Routine Load - E-MapReduce - Alibaba Cloud Documentation Center

Routine Load is a routine import method. StarRocks allows you to use this method to continuously import data from Apache Kafka and control the pause, resumption, and stop of import jobs by using SQL statements. This topic describes the basic principles, import example, and FAQ of Routine Load.

Terms

RoutineLoadJob: a routine import job that is submitted
JobScheduler: the routine import job scheduler that is used to schedule and split a RoutineLoadJob into multiple tasks
Task: the task that is split from a RoutineLoadJob by JobScheduler based on rules
TaskScheduler: the task scheduler that is used to schedule the execution of a task

Basic principles

The following figure shows the import process of Routine Load.

The following steps show how to import data by using Routine Load.

You submit a Kafka import job to the frontend by using a client that supports the MySQL protocol.
The frontend splits the import job into multiple tasks. Each task imports a specified part of data.
Each task is assigned to the specified backend for execution. On the backend, a task is regarded as a regular import job and imports data based on the import mechanism of Stream Load.
After the import process is completed on the backend, the backend reports the import result to the frontend.
The frontend continues to generate new tasks or retry failed tasks based on the import result.
The frontend continuously generates new tasks to achieve the uninterrupted import of data.

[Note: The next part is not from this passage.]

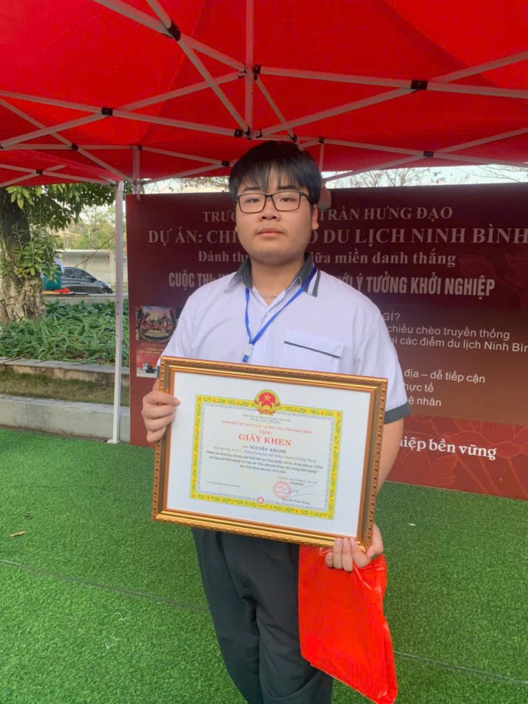 Dự án của em Nguyễn Trường Khánh, xuất sắc đạt Giải Nhất tại Ngày hội khởi nghiệp và Cuộc thi “Học sinh phổ thông với ý tưởng khởi nghiệp” tỉnh Ninh Bình năm học 2025–2026, thuộc lĩnh vực công nghệ chế tạo, trí tuệ nhân tạo và STEM. Dự án của em được Hội đồng giám khảo đánh giá cao bởi tính sáng tạo, khả năng ứng dụng thực tiễn cũng như tư duy khoa học rõ ràng, mạch lạc.

Note The images and some information in this topic are from Continuously load data from Apache Kafka of open source StarRocks.

Example

Environment requirements

Access to Kafka clusters without authentication or SSL authentication is supported.
A message can be in one of the following formats:
- CSV format. In this format, each message serves as a line, and the end of the line does not contain a line feed.
- JSON format.
The Array type is not supported.
Only Kafka V0.10.0.0 and later are supported.

Create an import job

Syntax

CREATE ROUTINE LOAD [database.][job_name] ON [table_name]
    [COLUMNS TERMINATED BY "column_separator" ,]
    [COLUMNS (col1, col2, ...) ,]
    [WHERE where_condition ,]
    [PARTITION (part1, part2, ...)]
    [PROPERTIES ("key" = "value", ...)]
    FROM [DATA_SOURCE]
    [(data_source_properties1 = 'value1',
    data_source_properties2 = 'value2',
    ...)]

The following table describes the parameters.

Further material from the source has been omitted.